The majority of the biomedical research workforce and funds are focused on studying common diseases and the development of drugs to treat them. However, some of the most remarkable discoveries in physiology and medicine are uncovered by studying rare conditions, because the importance of certain molecular mechanisms is revealed only when their dysfunction results in disease. In 2008, the National Institutes of Health (NIH) launched the NIH Undiagnosed Diseases Program (UDP), which recruits and selects patients who suffer from diseases of unknown etiology, and studies their causes at the clinical, genetic and cellular levels. In this Editorial, we discuss how the UDP has enabled the discovery of several new diseases and disease mechanisms through collaborations between clinical and basic science teams, using the power of both clinical medicine and biological models. Establishing programs with similar infrastructure at other centers around the world could help to benefit patients, their families and the entire medical community, by enhancing research productivity for rare and novel diseases.

“As our knowledge and data in genetics burgeon, we must engage the cognoscenti in a wide variety of fields to discover new diseases, new mechanisms of action and, ultimately, new therapeutic interventions”

Natural selection solidifies the most favorable alterations in our replicative processes to create brilliantly functional biochemical and cellular pathways. By contrast, less favorable genetic changes or ‘errors’ disrupt nature’s beautifully honed systems. Hence, it is axiomatic that rare diseases, in addition to being coruscating curiosities, also serve as windows to the world’s normal order. Among the women and men who address human mutations, clinicians provide care for those affected with rare maladies, and a special cadre of scientists investigates the causes of those disorders. Together, these two groups employ their expertise to advance treatment and understanding.

The NIH Undiagnosed Diseases Program (UDP), announced May 19, 2008, serves as a focal point for the synergistic interplay between clinical and basic science investigators (Gahl and Tifft, 2011; Gahl et al., 2011). The UDP filters thousands of enquiries down to hundreds of NIH Clinical Center inpatient admissions, and then chooses illustrative cases to pursue experimentally. Three years into its operation, the UDP had reviewed more than 1800 thick medical records, accepted approximately 430 patients and admitted 350 of them. The program had performed close to 600 single nucleotide polymorphism (SNP) arrays and analyzed approximately 230 whole exome sequences (WESs) using DNA from patients and their family members.

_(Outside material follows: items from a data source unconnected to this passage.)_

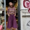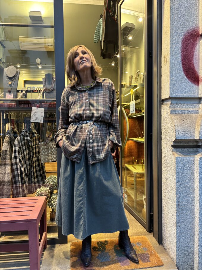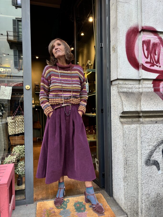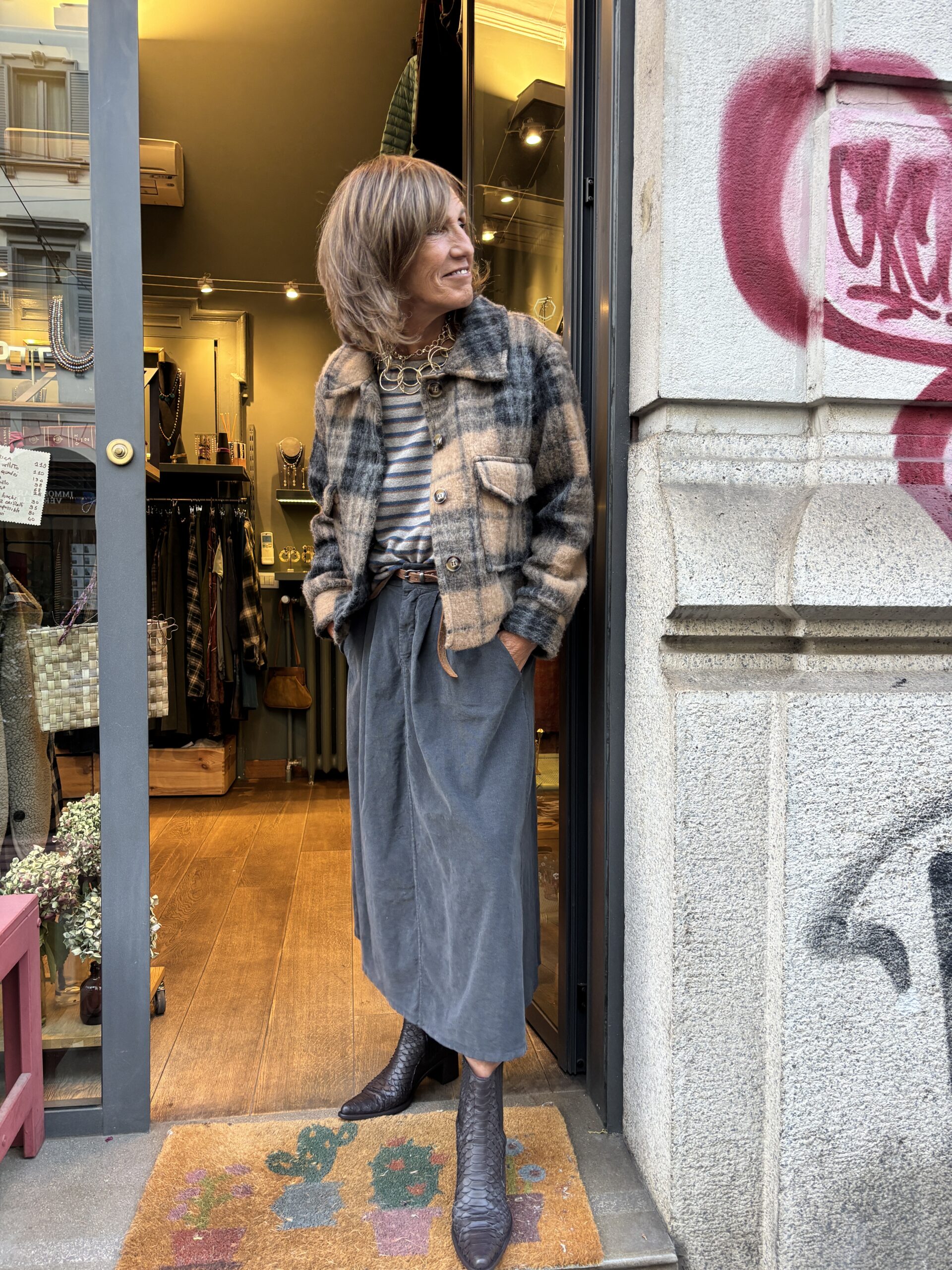 Gonna in velluto 2000 righe con cinturino e cerniera , 2 ampie tasche sui fianchi .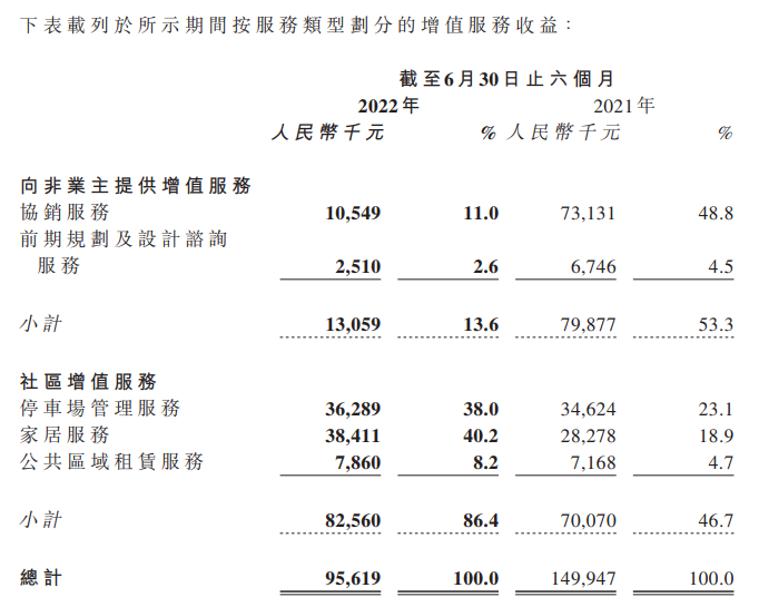 来源:第一服务公告 公告显示,受房地产市场低迷影响,第一服务绿色人居解决方案中的系统安装服务、绿色科技咨询服务及恐龙系列产品销售等业务均出现收缩,产生的收入不及去年同期。此外,向非业主提供的增值服务包含协销服务、前期规划及设计咨询服务,其产生的收入分别下滑85.58%、62.79%。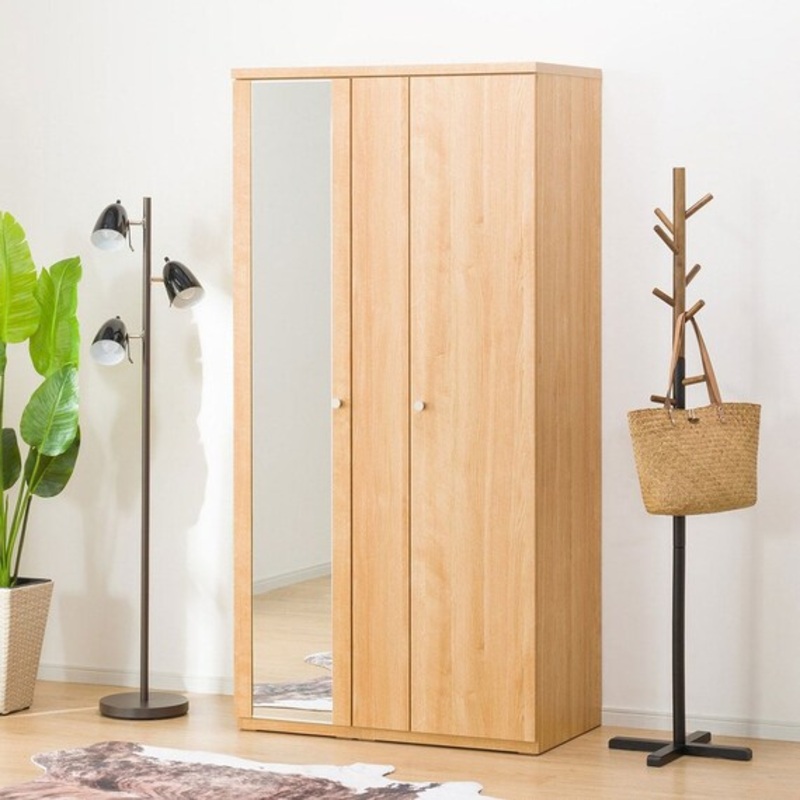 It is a wardrobe with a large mirror on the door that reflects the whole body.

Many specific cases warranted intense investigation, based on their compelling clinical presentations, the likelihood that the basic defects would be uncovered and the impact predicted to emanate from the ‘new disease discovery’. In the sections below, we recount examples that illustrate the process of disease discovery and how it can, in turn, provide new information about the role of genes and biological pathways in normal and impaired physiology.

The paradigm for studying such medical mysteries begins with detailed and accurate phenotyping. For example, UDP clinical investigators ascertained a family of five adults from middle America with stunning arterial calcification and claudication confined to the lower extremities (St. Hilaire et al., 2011). Intense clinical examinations verified that this was not atherosclerosis, that the coronaries were spared, and that the only additional sites of ectopic calcification involved the joint capsules of the hands and feet. Endocrine abnormalities of calcium and phosphate were ruled out.

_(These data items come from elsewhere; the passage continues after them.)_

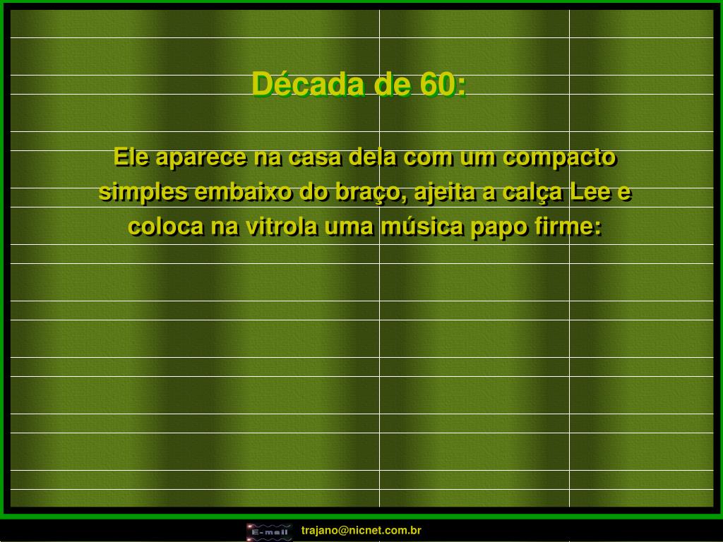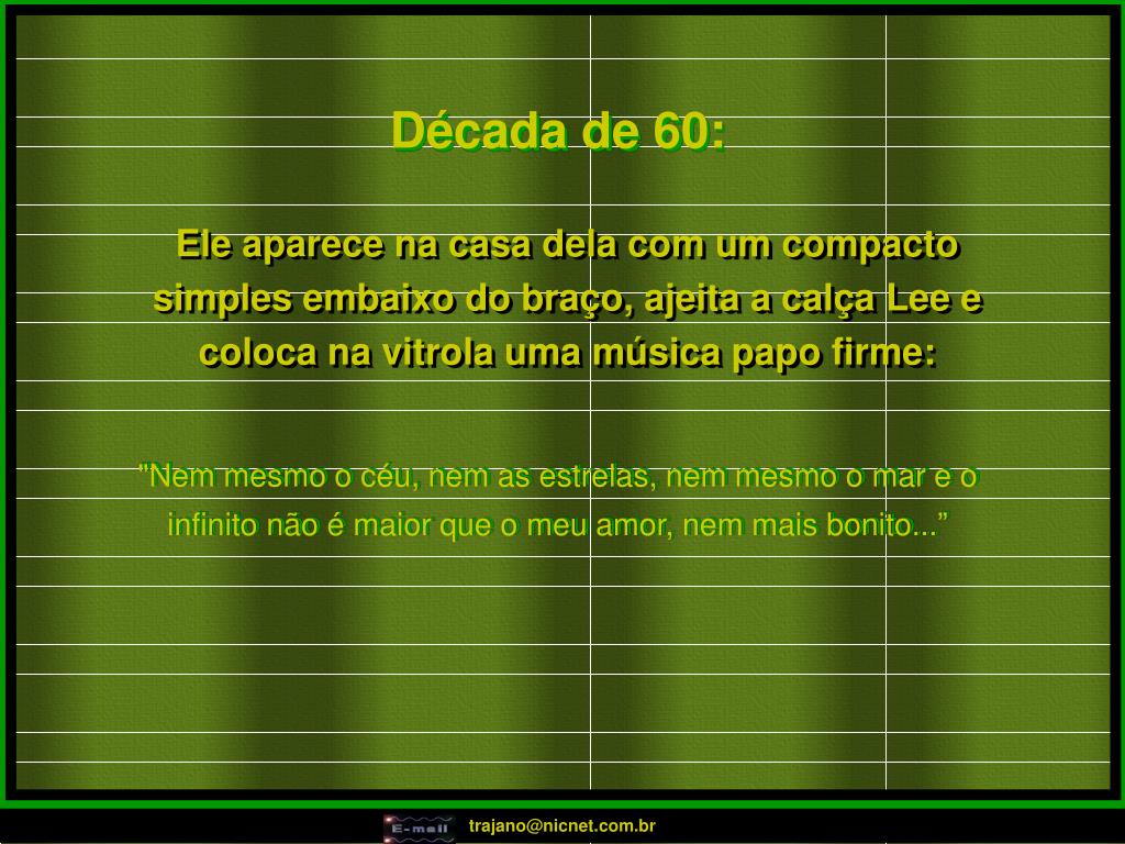 Década de 60: Ele aparece na casa dela com um compacto simples embaixo do braço, ajeita a calça Lee e coloca na vitrola uma música papo firme: "Nem mesmo o céu, nem as estrelas, nem mesmo o mar e o infinito não é maior que o meu amor, nem mais bonito...”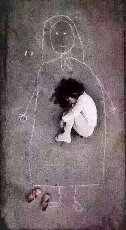 A photograph that moved the world! In Iraq, a little girl drew a picture of her mother on the floor of her orphanage. She carefully took off the shoes, lay down on mother's chest and fell asleep... I really don't know how to use human language to ...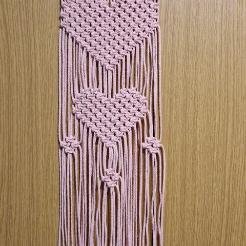 Makrameen väreinä on vaaleanpunainen ja luonnonvalkoinen. Luonnon koivukeppiin tehty.

The next step involved applying genetic methodologies to identify candidate genes causing this disease. In this case, the project benefited enormously from the fact that the parents of the five siblings were third cousins, unaffected, and readily available for study. The most appropriate genetic platform to employ was the million SNP array, which detects copy number variants (deletions and duplications) and also identifies regions of homozygosity. In a product of a consanguineous mating, most homozygous areas derive from a common ancestor, and a single pathogenic mutation in a shared ancestral gene could cause a recessive disease. Hence, we were looking for a region of the human genome in which all five affected siblings were homozygous, but the parents were heterozygous. Only one area satisfied these requirements – a 22-Mb region on chromosome 6. That area contained 92 genes; any one of them could have contained a homozygous mutation that caused the arterial calcifications. We needed an expert in vascular biology to identify the best candidates to pursue.

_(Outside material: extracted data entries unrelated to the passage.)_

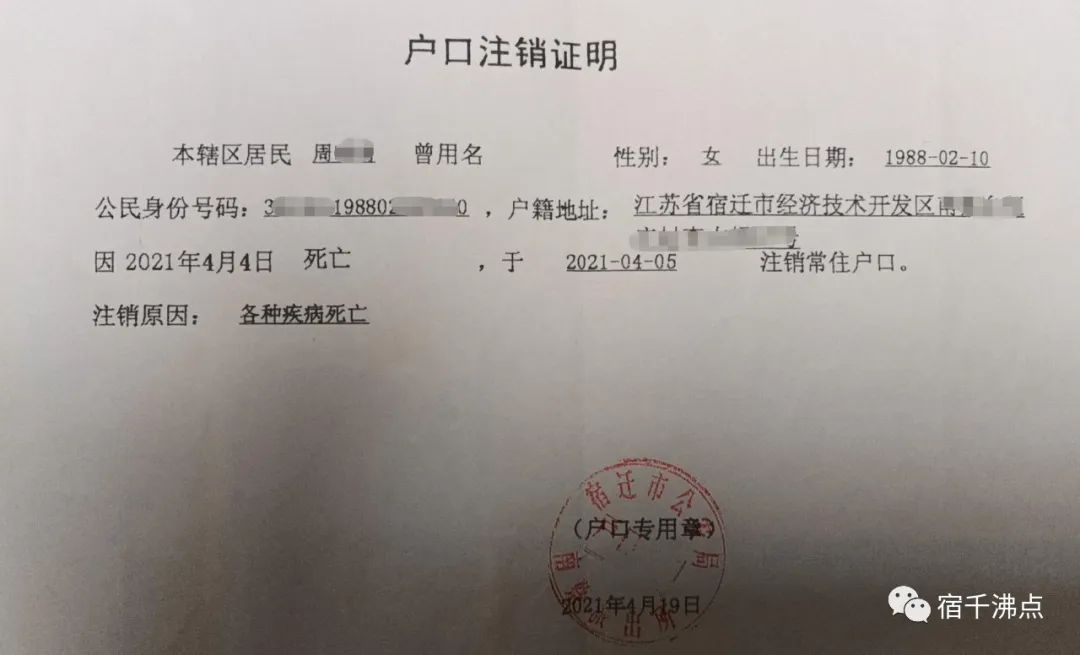 2021年4月3日,周某某因患直肠癌含恨离世。4月19日,周某某母亲带上户口本前往属地警所提出注销事宜。可令人奇怪的是,有关人员告诉周某某母亲,其女儿户口已经与4月5号被注销了。当日前来注销的人是周某某丈夫李Y。由此可见,有人急不可耐想和周某某抛开关系。见图: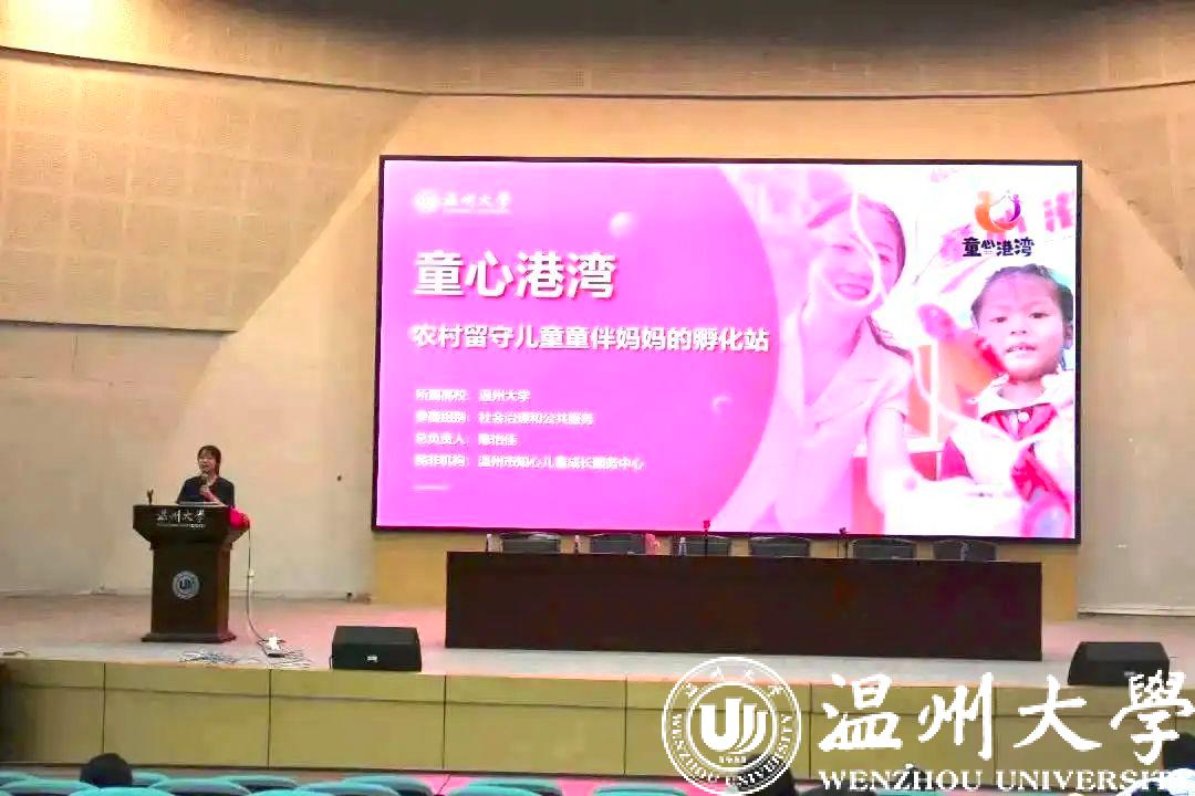 为了让师生对科创赛事有更直观的体验,财神捕鱼 2023年挑战杯金奖项目《童心港湾——农村留守儿童童伴妈妈的孵化站》项目负责人陈怡佳进行现场路演。她结合国家政策,讲述了这个项目产生的由来。通过项目背景、市场痛点、国家政策以及地方政策,充分论证了这个项目的可行性以及必要性。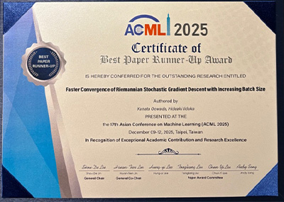 ACML 2025において、貴財団から国際交流助成をいただいた本論文「Faster Convergence of Riemannian Stochastic Gradient Descent with Increasing Batch Size」が「Best Paper Runner-up Award」を受賞いたしました。ACML 2025に投稿された375本の論文の内107本の論文が採択され(28.5%)、査読得点4点中3.75点以上を獲得した上位9本の論文から、審査委員会の厳正な審査の末、「Best Paper Award」(1件)と「Best Paper Runner-up Award」(1件)が選出されました。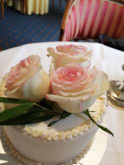 Unsere Hochzeitstorte... Natürlich mit echten Rosen.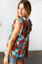 Follow Me Emerald Floral Print Double Ruffle Sleeve Top

This was the third, and most crucial, step in discovering a new human disease, i.e. identifying and connecting with a basic scientist whose lab possessed expertise in the field. In this case, Manfred Boehm and Cynthia St. Hilaire of the National Heart, Lung and Blood Institute were authorities on vascular cell metabolism, and cell-based assays were extant in the Boehm lab. In concert with the UDP, whose clinicians provided a skin biopsy, St. Hilaire cultured an affected patient’s fibroblasts and performed expression analysis of candidate genes in the inherited homozygous region. Only one gene, NT5E, which encodes the CD73 protein, was differentially expressed. Direct sequencing of NT5E identified null mutations that resulted in complete inactivation of CD73 protein in all affected siblings. This newly identified vascular disease was referred to as ‘arterial calcification due to deficiency of CD73′ (ACDC). CD73 is a membrane-bound enzyme that converts extracellular AMP to adenosine and inorganic phosphate; this process was found to be severely impaired in fibroblasts from individuals with ACDC. The failure to generate extracellular adenosine leads to an increase in tissue non-specific alkaline phosphatase (TNAP), a key enzyme in tissue calcification in vitro and in vivo. Cultured fibroblasts of individuals with ACDC not only contained increased TNAP activity, but they also calcified. Finally, TNAP activity and in vitro calcification could be reversed by genetic rescue with NT5E cDNA or treatment with exogenous adenosine.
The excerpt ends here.